EXERCISE
The entries below need to be transcribed exactly, without their images.

Data excerpts
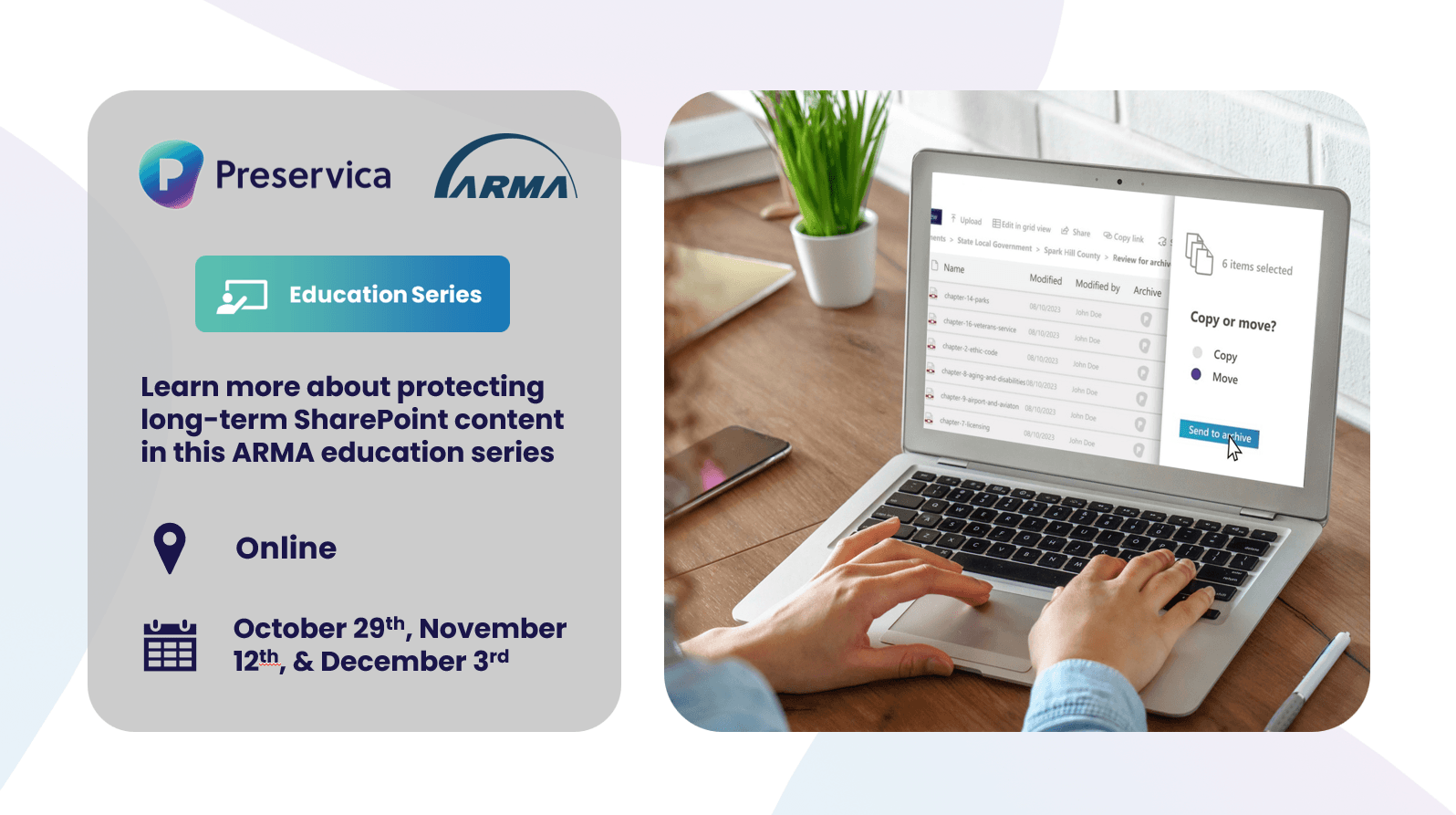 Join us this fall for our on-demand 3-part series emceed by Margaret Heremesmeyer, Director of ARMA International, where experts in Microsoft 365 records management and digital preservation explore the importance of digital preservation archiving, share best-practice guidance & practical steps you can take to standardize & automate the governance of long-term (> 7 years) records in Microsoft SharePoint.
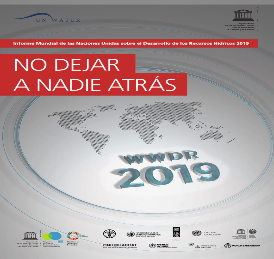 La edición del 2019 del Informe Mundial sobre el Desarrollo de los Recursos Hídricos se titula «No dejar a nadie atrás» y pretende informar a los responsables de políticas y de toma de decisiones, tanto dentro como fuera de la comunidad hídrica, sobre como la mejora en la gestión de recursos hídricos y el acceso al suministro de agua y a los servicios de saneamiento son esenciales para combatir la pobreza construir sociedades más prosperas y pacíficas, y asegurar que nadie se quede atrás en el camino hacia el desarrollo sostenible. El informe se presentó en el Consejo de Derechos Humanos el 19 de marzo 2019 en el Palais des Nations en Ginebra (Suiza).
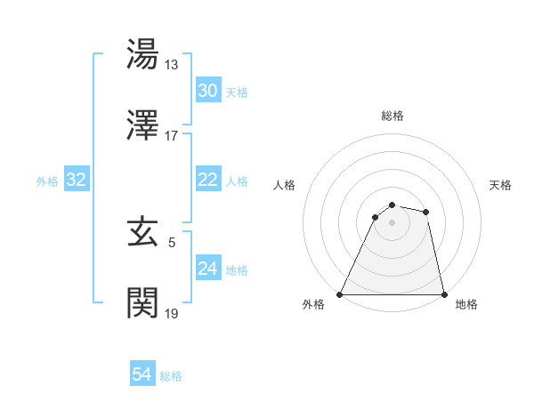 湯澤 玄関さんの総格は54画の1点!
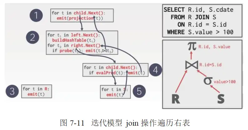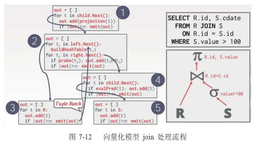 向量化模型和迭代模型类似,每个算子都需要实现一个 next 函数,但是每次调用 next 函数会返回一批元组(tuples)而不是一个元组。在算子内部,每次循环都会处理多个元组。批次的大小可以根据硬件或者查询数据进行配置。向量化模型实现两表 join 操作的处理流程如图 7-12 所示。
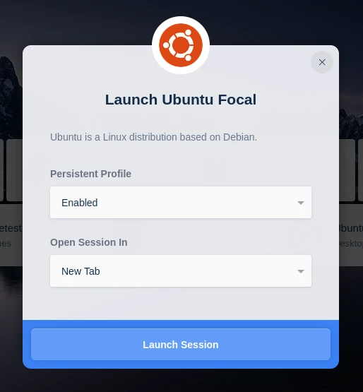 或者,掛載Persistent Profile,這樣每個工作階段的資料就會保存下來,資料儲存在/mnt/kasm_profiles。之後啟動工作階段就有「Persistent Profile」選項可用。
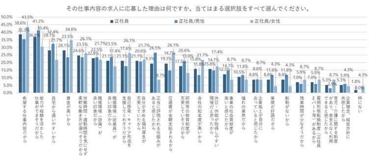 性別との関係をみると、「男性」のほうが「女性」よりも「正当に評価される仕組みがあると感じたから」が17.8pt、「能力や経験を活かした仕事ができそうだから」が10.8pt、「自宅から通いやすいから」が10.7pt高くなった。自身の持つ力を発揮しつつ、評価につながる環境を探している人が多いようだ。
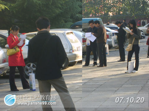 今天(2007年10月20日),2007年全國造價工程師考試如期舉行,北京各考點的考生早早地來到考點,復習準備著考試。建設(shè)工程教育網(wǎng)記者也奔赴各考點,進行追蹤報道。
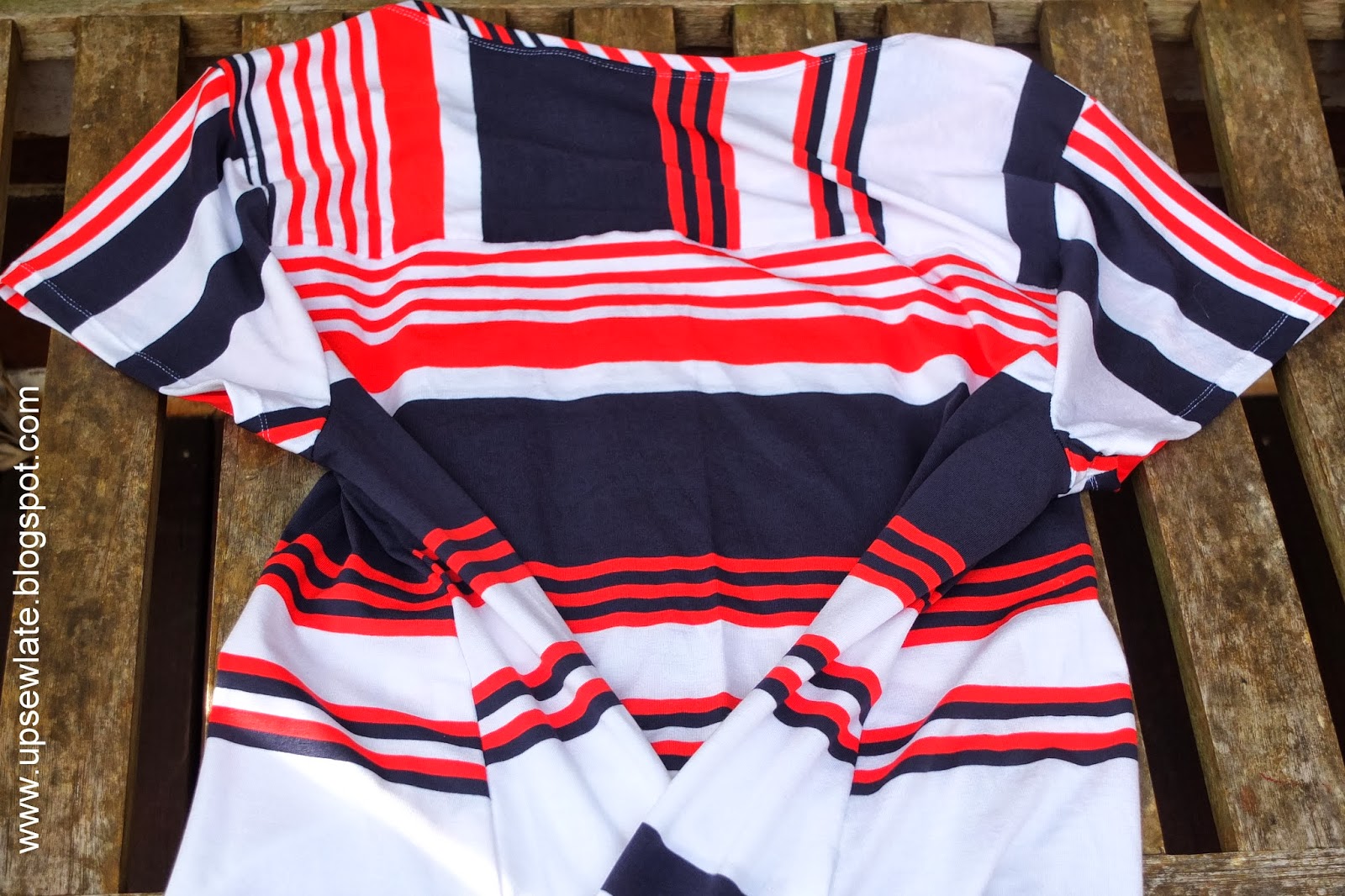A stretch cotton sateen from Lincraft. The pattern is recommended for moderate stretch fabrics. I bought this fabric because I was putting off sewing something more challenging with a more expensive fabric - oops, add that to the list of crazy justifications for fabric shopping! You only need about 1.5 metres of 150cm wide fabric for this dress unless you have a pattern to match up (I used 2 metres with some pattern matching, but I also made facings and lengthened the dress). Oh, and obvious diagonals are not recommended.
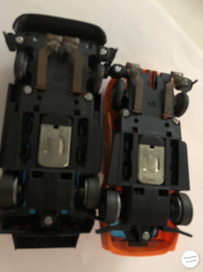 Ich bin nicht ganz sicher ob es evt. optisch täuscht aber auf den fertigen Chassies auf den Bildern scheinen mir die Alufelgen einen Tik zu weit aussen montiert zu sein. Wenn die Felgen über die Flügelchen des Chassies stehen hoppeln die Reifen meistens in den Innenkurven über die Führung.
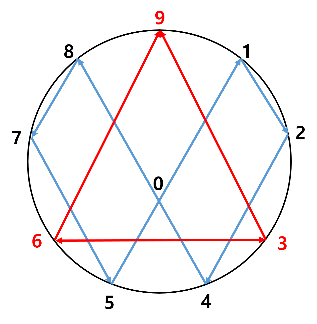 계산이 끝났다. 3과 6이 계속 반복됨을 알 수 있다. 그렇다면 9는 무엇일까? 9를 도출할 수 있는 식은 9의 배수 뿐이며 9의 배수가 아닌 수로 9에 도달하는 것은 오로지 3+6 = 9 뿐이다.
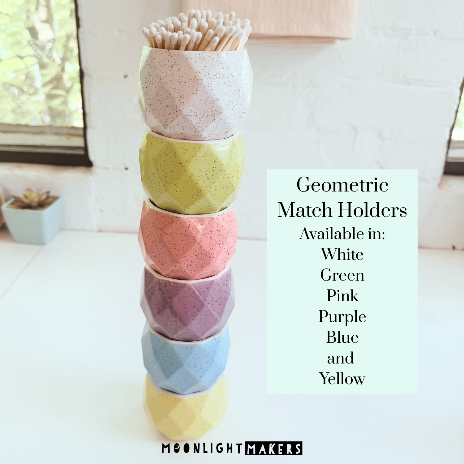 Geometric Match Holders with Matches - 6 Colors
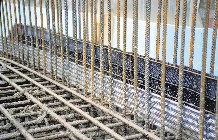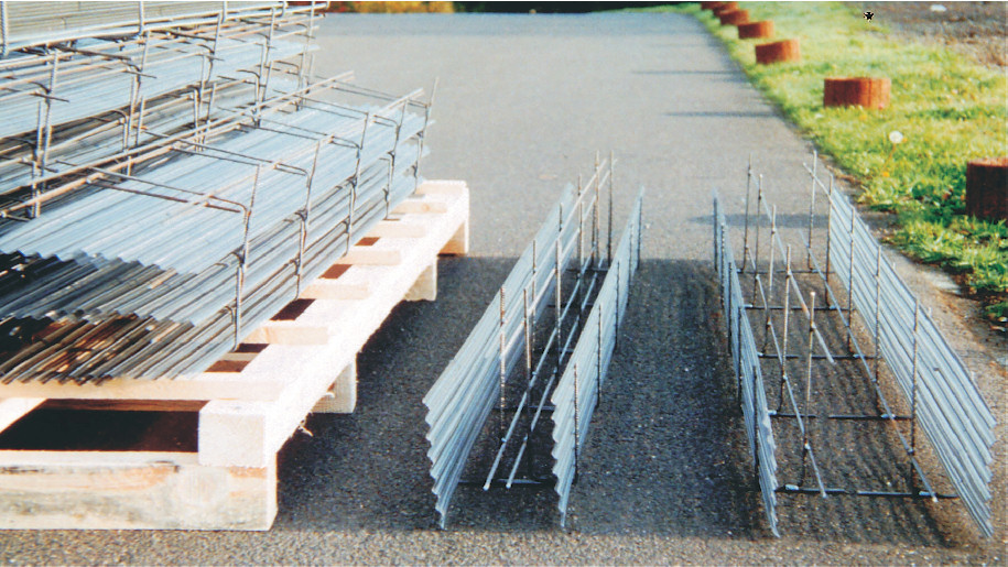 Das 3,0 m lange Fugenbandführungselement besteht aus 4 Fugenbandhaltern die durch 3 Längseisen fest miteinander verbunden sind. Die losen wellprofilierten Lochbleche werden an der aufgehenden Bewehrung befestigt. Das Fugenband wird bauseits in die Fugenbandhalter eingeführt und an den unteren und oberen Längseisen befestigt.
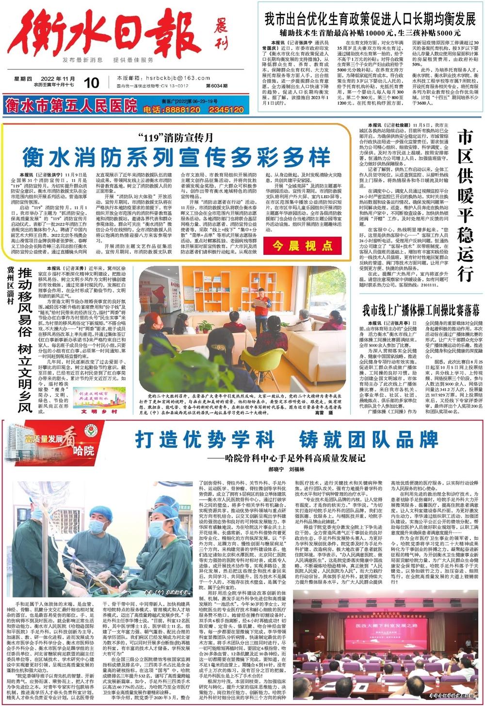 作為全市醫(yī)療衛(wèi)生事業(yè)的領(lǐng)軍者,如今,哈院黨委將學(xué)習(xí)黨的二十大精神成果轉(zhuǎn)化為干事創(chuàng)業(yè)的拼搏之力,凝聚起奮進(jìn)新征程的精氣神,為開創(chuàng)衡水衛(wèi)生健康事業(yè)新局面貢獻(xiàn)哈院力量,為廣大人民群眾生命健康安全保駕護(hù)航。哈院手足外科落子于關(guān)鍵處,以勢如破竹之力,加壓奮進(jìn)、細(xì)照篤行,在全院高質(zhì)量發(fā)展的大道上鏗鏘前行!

COMPLETED EXERCISE
 Join us this fall for our on-demand 3-part series emceed by Margaret Heremesmeyer, Director of ARMA International, where experts in Microsoft 365 records management and digital preservation explore the importance of digital preservation archiving, share best-practice guidance & practical steps you can take to standardize & automate the governance of long-term (> 7 years) records in Microsoft SharePoint.
 La edición del 2019 del Informe Mundial sobre el Desarrollo de los Recursos Hídricos se titula «No dejar a nadie atrás» y pretende informar a los responsables de políticas y de toma de decisiones, tanto dentro como fuera de la comunidad hídrica, sobre como la mejora en la gestión de recursos hídricos y el acceso al suministro de agua y a los servicios de saneamiento son esenciales para combatir la pobreza construir sociedades más prosperas y pacíficas, y asegurar que nadie se quede atrás en el camino hacia el desarrollo sostenible. El informe se presentó en el Consejo de Derechos Humanos el 19 de marzo 2019 en el Palais des Nations en Ginebra (Suiza).
 湯澤 玄関さんの総格は54画の1点!
 向量化模型和迭代模型类似,每个算子都需要实现一个 next 函数,但是每次调用 next 函数会返回一批元组(tuples)而不是一个元组。在算子内部,每次循环都会处理多个元组。批次的大小可以根据硬件或者查询数据进行配置。向量化模型实现两表 join 操作的处理流程如图 7-12 所示。
 或者,掛載Persistent Profile,這樣每個工作階段的資料就會保存下來,資料儲存在/mnt/kasm_profiles。之後啟動工作階段就有「Persistent Profile」選項可用。
 性別との関係をみると、「男性」のほうが「女性」よりも「正当に評価される仕組みがあると感じたから」が17.8pt、「能力や経験を活かした仕事ができそうだから」が10.8pt、「自宅から通いやすいから」が10.7pt高くなった。自身の持つ力を発揮しつつ、評価につながる環境を探している人が多いようだ。
 今天(2007年10月20日),2007年全國造價工程師考試如期舉行,北京各考點的考生早早地來到考點,復習準備著考試。建設(shè)工程教育網(wǎng)記者也奔赴各考點,進行追蹤報道。
A stretch cotton sateen from Lincraft. The pattern is recommended for moderate stretch fabrics. I bought this fabric because I was putting off sewing something more challenging with a more expensive fabric - oops, add that to the list of crazy justifications for fabric shopping! You only need about 1.5 metres of 150cm wide fabric for this dress unless you have a pattern to match up (I used 2 metres with some pattern matching, but I also made facings and lengthened the dress). Oh, and obvious diagonals are not recommended.
 Ich bin nicht ganz sicher ob es evt. optisch täuscht aber auf den fertigen Chassies auf den Bildern scheinen mir die Alufelgen einen Tik zu weit aussen montiert zu sein. Wenn die Felgen über die Flügelchen des Chassies stehen hoppeln die Reifen meistens in den Innenkurven über die Führung.
 계산이 끝났다. 3과 6이 계속 반복됨을 알 수 있다. 그렇다면 9는 무엇일까? 9를 도출할 수 있는 식은 9의 배수 뿐이며 9의 배수가 아닌 수로 9에 도달하는 것은 오로지 3+6 = 9 뿐이다.
 Geometric Match Holders with Matches - 6 Colors
 Das 3,0 m lange Fugenbandführungselement besteht aus 4 Fugenbandhaltern die durch 3 Längseisen fest miteinander verbunden sind. Die losen wellprofilierten Lochbleche werden an der aufgehenden Bewehrung befestigt. Das Fugenband wird bauseits in die Fugenbandhalter eingeführt und an den unteren und oberen Längseisen befestigt.
 作為全市醫(yī)療衛(wèi)生事業(yè)的領(lǐng)軍者,如今,哈院黨委將學(xué)習(xí)黨的二十大精神成果轉(zhuǎn)化為干事創(chuàng)業(yè)的拼搏之力,凝聚起奮進(jìn)新征程的精氣神,為開創(chuàng)衡水衛(wèi)生健康事業(yè)新局面貢獻(xiàn)哈院力量,為廣大人民群眾生命健康安全保駕護(hù)航。哈院手足外科落子于關(guān)鍵處,以勢如破竹之力,加壓奮進(jìn)、細(xì)照篤行,在全院高質(zhì)量發(fā)展的大道上鏗鏘前行!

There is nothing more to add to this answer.